Stanford Professor Charbel Farhat and his research team at the Army High Performance Computing Research Center (AHPCRC) used a new, high-end, massively parallel computer to demonstrate the power of algorithms that instruct processors to work together to solve challenging problems. They directed 22,000 processors to solve billions of mathematical equations in just a few minutes, a rare feat in computer engineering.
“I believe we may have really set a record here,” said Farhat, director of AHPCRC at Stanford and a professor of aeronautics and astronautics and of mechanical engineering. “We’ve solved over 10 billion equations in a little over three minutes.”
This unique collaboration came about after the ARL acquired Excalibur, a Cray XC40 computer with 101,184 processors. Once completely up and running at ARL’s Maryland-based Defense Computing Resource Center (ARL DSRC), the raw computational power of this system will support dozens—potentially hundreds—of research projects.
But before the Army carved up the spoils, they gave Farhat and his team a chance to harness a significant slice of Excalibur’s massive computational cake and demonstrate the power of algorithms to solve large-scale equations.
The team succeeded far beyond Farhat’s last endeavor.
“The last time we’d had access to a large machine like this one, we probably ran our algorithms on about 3,000 processors,” said Farhat, referring to the computations that helped his team win a 2002 Gordon Bell Prize from the Institute of Electrical and Electronics Engineers. “Now we ran on 22,000.”
Engineers want to harness multiple computer processors to improve the efficiency of the complex and time-consuming calculations necessary for many technological problems, including solid mechanics, fluid dynamics, heat transfer and signal processing.
Theoretically, multiple computers can confront, digest and solve complex equations faster than a single computer. But coordination among computers can be as difficult as it is among people, Farhat said. Adding 10 people to a task does not make the group ten times faster or more efficient, because increasing the number of brains also increases the lines of communication and complexity of interactions. The same is true for computers.
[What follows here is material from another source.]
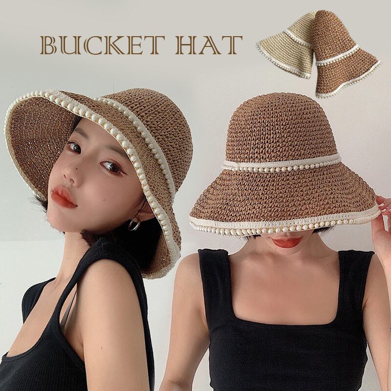 レディース 紫外線対策 バケットハット パール 涼しい つば広 黒 通気性 麦わら風帽子 立体的

“When you connect 100 computers and tell them to solve a system of equations, I need to break it into 100 pieces and ship each piece to a computer, and then they need to talk to each other,” Farhat said. “They cannot do this independently.”
To confront this well-known problem, Farhat and his team—led by Jari Toivanen, Radek Tezaur and Philip Avery—collaborated with the ARL DSRC to craft algorithms to divide these calculations among thousands of computers.
The team members worked around the clock for three weeks to prepare their software for the test on Excalibur. When the day came last month, they had access to a significant chunk of the facility’s 101,184 processors to divide up slices of their equations, share information and solve the problem. A mere three minutes later, those thousands of processors had solved over 10 billion calculations accurately.
The entire Excalibur probably won’t be available for a repeat of this epic performance. But, Farhat said he believes this new scalable algorithm will be tremendously useful on smaller computing systems.
“When Mercedes wins the Formula One race, the engineering feats get shifted to the street cars that Mercedes sells,” Farhat said. “So, when we improve our algorithms on the highest-end computers, we get to benefit from these improvements on our more pedestrian computers.”
“We empower researchers to solve the most difficult Army operational challenges through innovative computational science research and advanced computing,” said Raju Namburu, ARL DSRC director and AHPCRC cooperative agreement manager.
In the long run, AHPCRC engineers and their Army partners hope that this successful endeavor speeds up the timetable for calculating and solving complex problems in computer engineering.
“Here we’re able to demonstrate what we can do with access,” Farhat said.